Start of Data for analysis

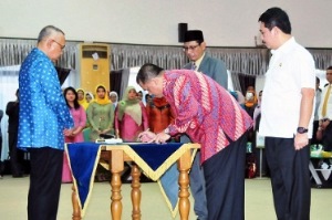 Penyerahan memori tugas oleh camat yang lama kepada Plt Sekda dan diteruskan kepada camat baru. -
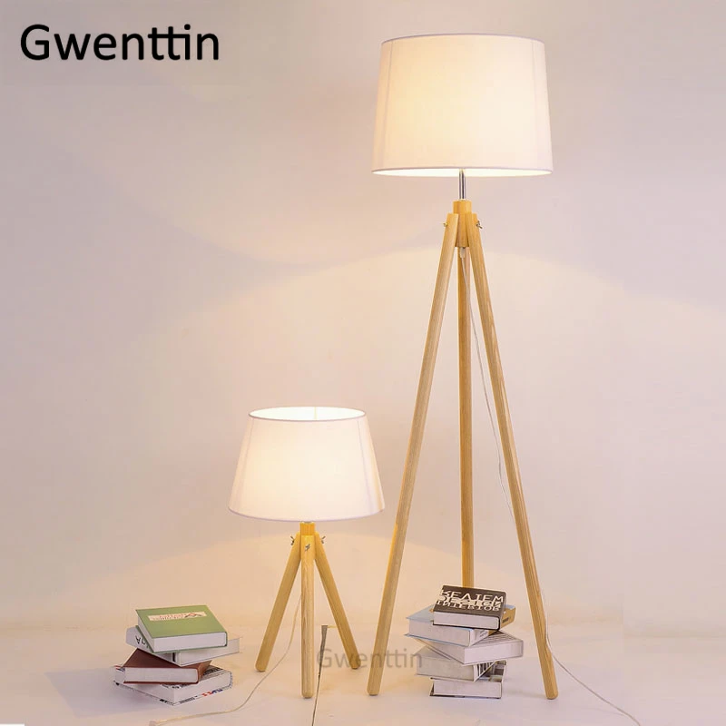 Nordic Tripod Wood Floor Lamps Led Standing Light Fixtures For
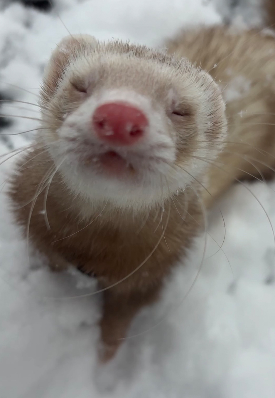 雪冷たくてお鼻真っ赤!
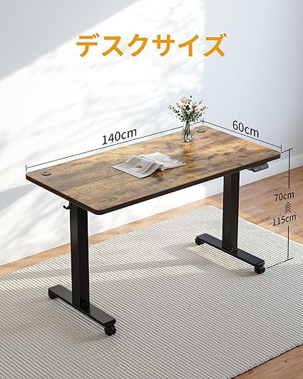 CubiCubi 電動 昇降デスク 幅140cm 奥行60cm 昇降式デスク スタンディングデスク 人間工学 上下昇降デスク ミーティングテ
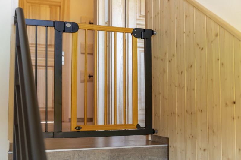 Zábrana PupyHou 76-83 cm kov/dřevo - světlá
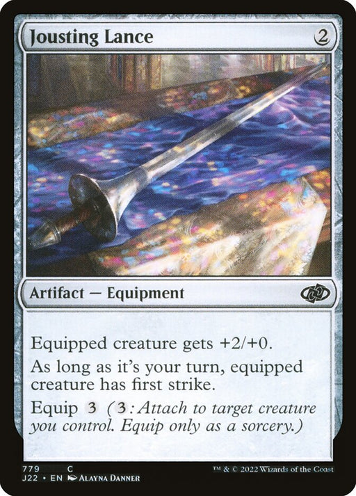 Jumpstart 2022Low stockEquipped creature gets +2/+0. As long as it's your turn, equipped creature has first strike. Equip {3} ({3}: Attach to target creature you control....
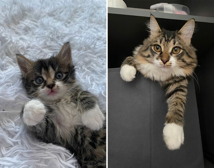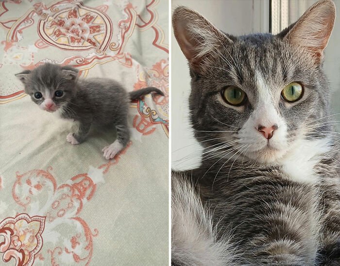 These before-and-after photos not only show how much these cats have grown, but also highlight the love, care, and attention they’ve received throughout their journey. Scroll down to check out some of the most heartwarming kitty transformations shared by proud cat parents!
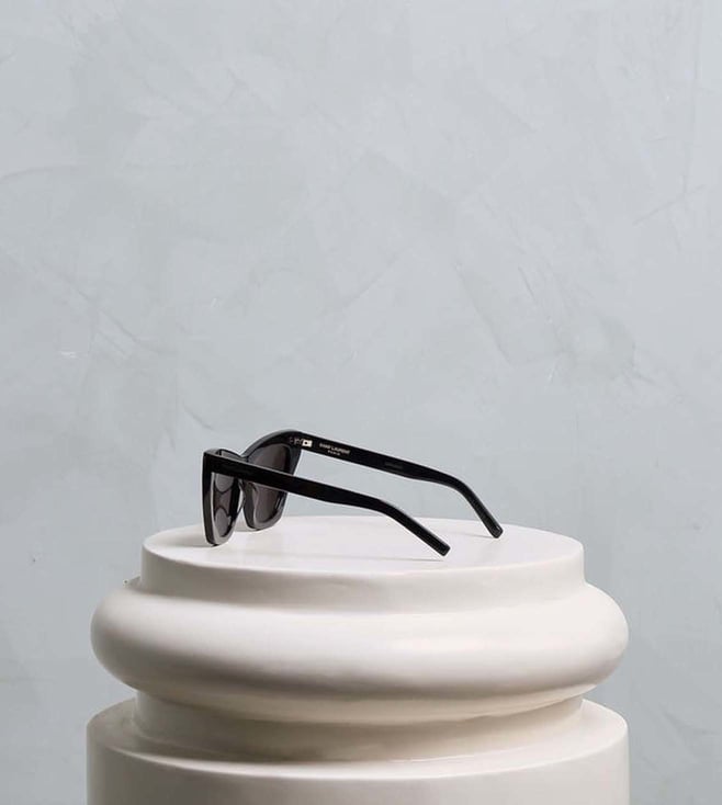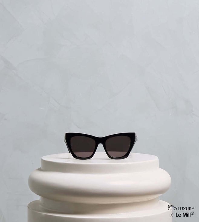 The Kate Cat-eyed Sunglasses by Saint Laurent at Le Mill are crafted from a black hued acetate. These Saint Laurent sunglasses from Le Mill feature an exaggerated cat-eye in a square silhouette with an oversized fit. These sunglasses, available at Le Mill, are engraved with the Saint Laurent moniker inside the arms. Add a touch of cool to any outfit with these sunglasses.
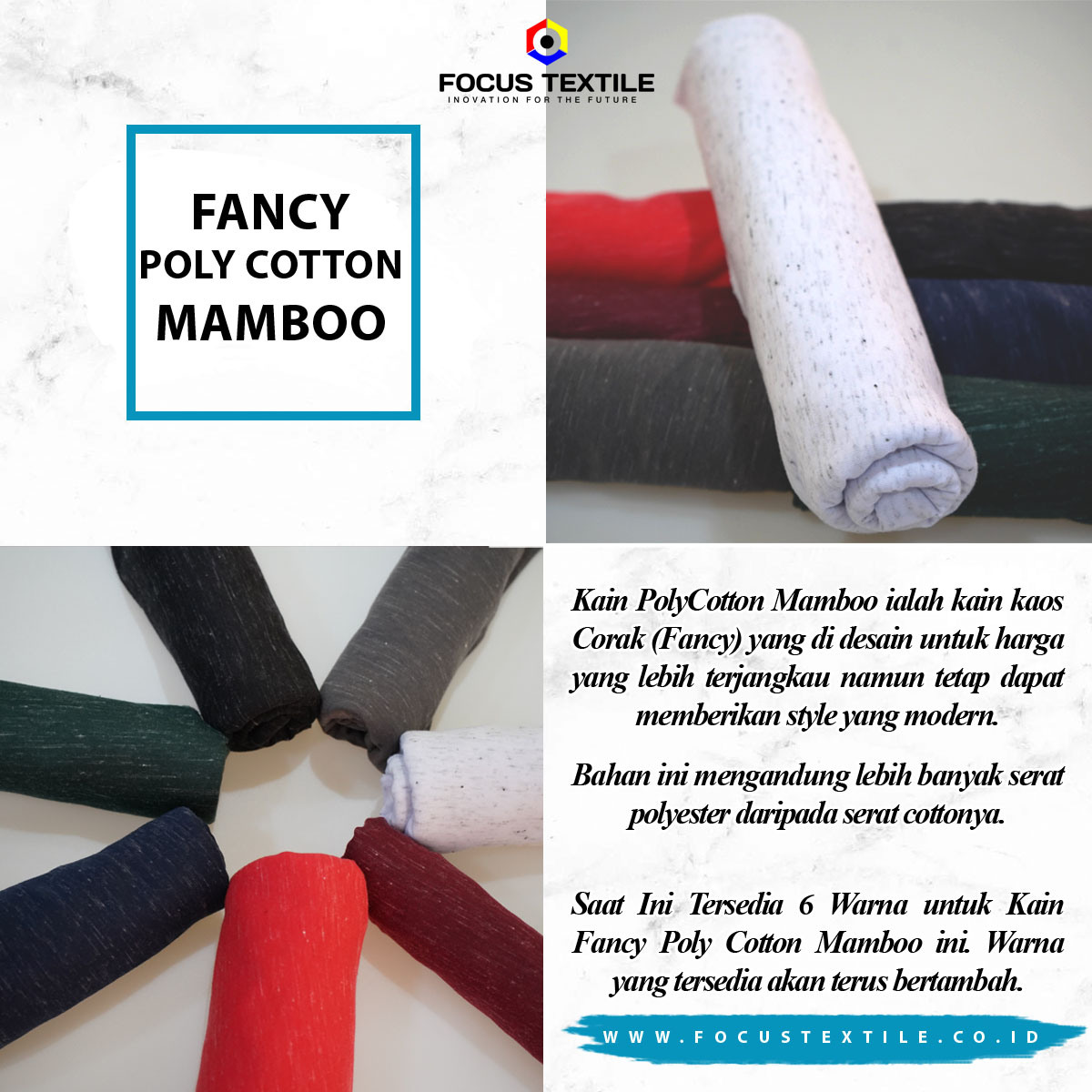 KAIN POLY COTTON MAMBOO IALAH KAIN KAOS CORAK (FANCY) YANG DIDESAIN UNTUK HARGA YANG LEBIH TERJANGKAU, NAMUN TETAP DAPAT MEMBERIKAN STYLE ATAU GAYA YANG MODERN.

End of Data for analysis
Start of Data for analysis

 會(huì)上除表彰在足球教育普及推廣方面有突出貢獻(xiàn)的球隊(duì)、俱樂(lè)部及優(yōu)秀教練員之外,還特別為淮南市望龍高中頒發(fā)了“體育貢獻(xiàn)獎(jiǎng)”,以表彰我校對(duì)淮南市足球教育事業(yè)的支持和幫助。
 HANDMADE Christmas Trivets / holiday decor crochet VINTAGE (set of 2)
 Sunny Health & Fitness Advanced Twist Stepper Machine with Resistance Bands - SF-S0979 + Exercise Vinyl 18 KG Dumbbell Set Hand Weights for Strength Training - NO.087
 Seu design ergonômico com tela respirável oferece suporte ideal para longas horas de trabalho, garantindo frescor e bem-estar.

End of Data for analysis

* _Task prompt_
The lines to set down run from the line with "Nordic Tripod Wood" up to and including the line with "Zábrana PupyHou 76-83 cm kov/dřevo - světlá" in the entries above. Reproduce them exactly, with no pictures.

* _Task answer_
 Nordic Tripod Wood Floor Lamps Led Standing Light Fixtures For
 雪冷たくてお鼻真っ赤!
 CubiCubi 電動 昇降デスク 幅140cm 奥行60cm 昇降式デスク スタンディングデスク 人間工学 上下昇降デスク ミーティングテ
 Zábrana PupyHou 76-83 cm kov/dřevo - světlá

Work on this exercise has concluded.